Avidgor Liberman
Avidgor LibermanYonatan Sindel/Flash90

Finance Minister Avigdor Liberman responded Thursday to criticism of his decision to change the eligibility criteria for daycare subsidies.

Liberman said that the new criteria, according to which government funding will only be available to families in which the mother's partner works at least 24 hours (half time) each week, is necessary for yeshiva students who learn full-time and do not work, and called on his haredi critics to read the halakhic sources.

"Children should be given 'what they need' - education and the ability to integrate into the employment market, earn a decent living and not be based on allowances and alms," Liberman said.

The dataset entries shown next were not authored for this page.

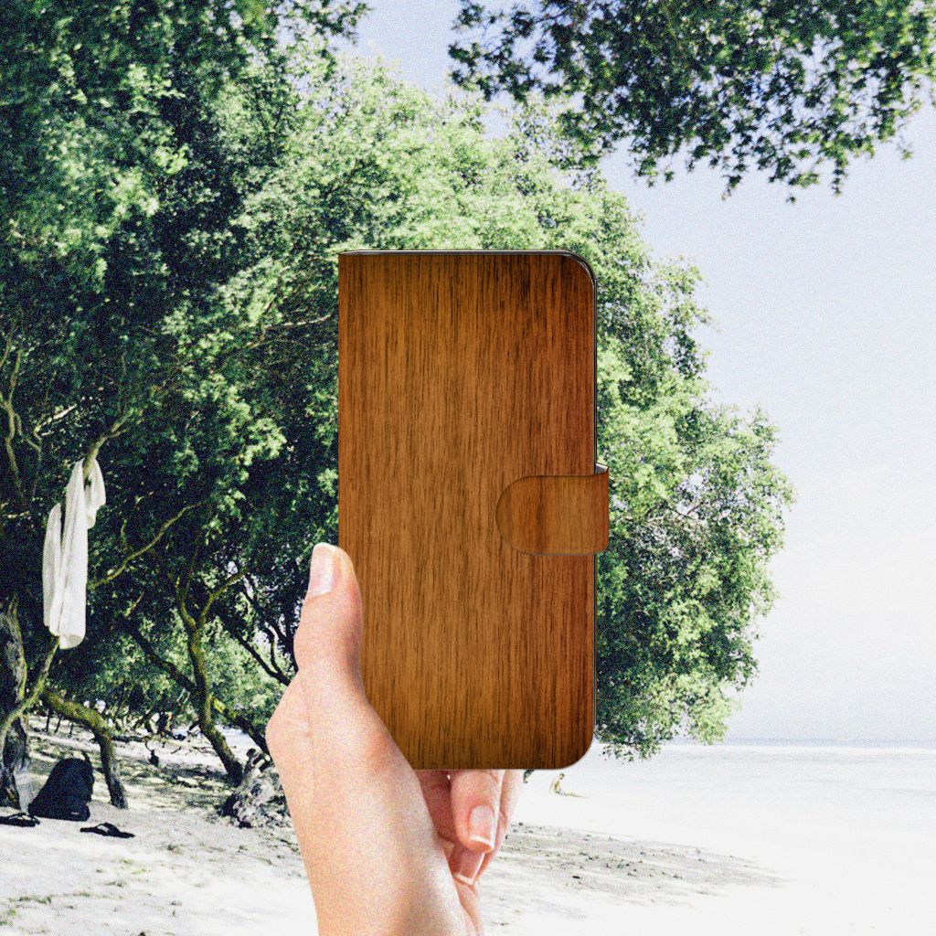 Motorola Moto G73 Book Style Case met pasjeshouder Donker Hout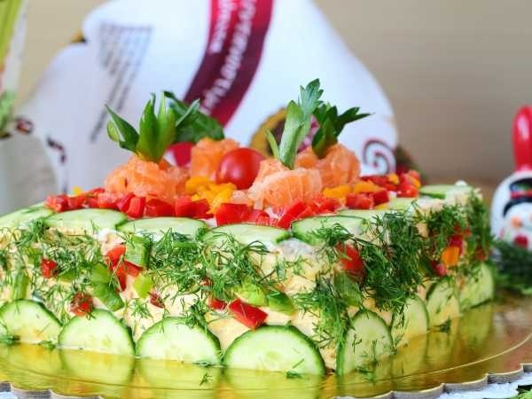 Торт смазывается майонезом и украшается овощами и семгой. После этого его стоит на пару часов поместить в холодильник для настаивания и пропитки.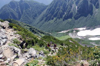 この付近まで来るとかなり展望が良くなってきます。ザレた岩場の道を登ることになります。所々休憩も可能です。振り返った写真が、右側写真で、涸沢のテント場付近が眼下に良く見えています。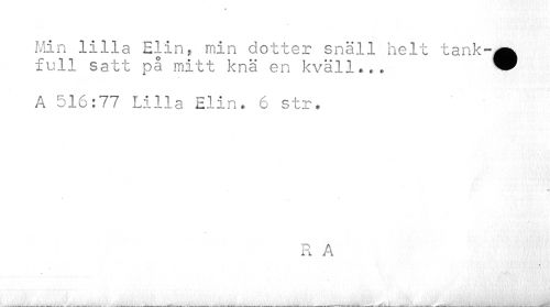 //// Min lilla Elin, min dotter snäll helt tank-A full satt på mitt knä en kväll... ™ //// A 516:77 Lilla Elin. 6 str. //// R A //// _____ _____ . -____ _—_,____——____ _ _ _____—__..._____ —•----1_____. ,.... ..... ..... ...... . ////

He added: "And to my friends from the ultra-Orthodox sector, I call on you to return to the sources and the words of Maimonides (who worked full time), who said: "Anyone who comes to the conclusion that he should involve himself in Torah study without doing work and derive his livelihood from charity, desecrates [God's] name, dishonors the Torah, extinguishes the light of faith, brings evil upon himself, and forfeits the life of the world to come, for it is forbidden to derive benefit from the words of Torah in this world."

Earlier, Health Minister Nitzan Horowitz of the Meretz party criticized the cuts in benefits, saying: "I am in favor of giving children what they need - irrespective from what their parents do."

"A child is an entity in itself, and if it is in his best interest to be in a daycare center - I am not in favor of depriving him of that," he added in an interview with Galai Tzahal (IDF Radio).

The Shas party has announced that it will petition the Supreme Court against Liberman's decision, arguing that it discriminates against haredim.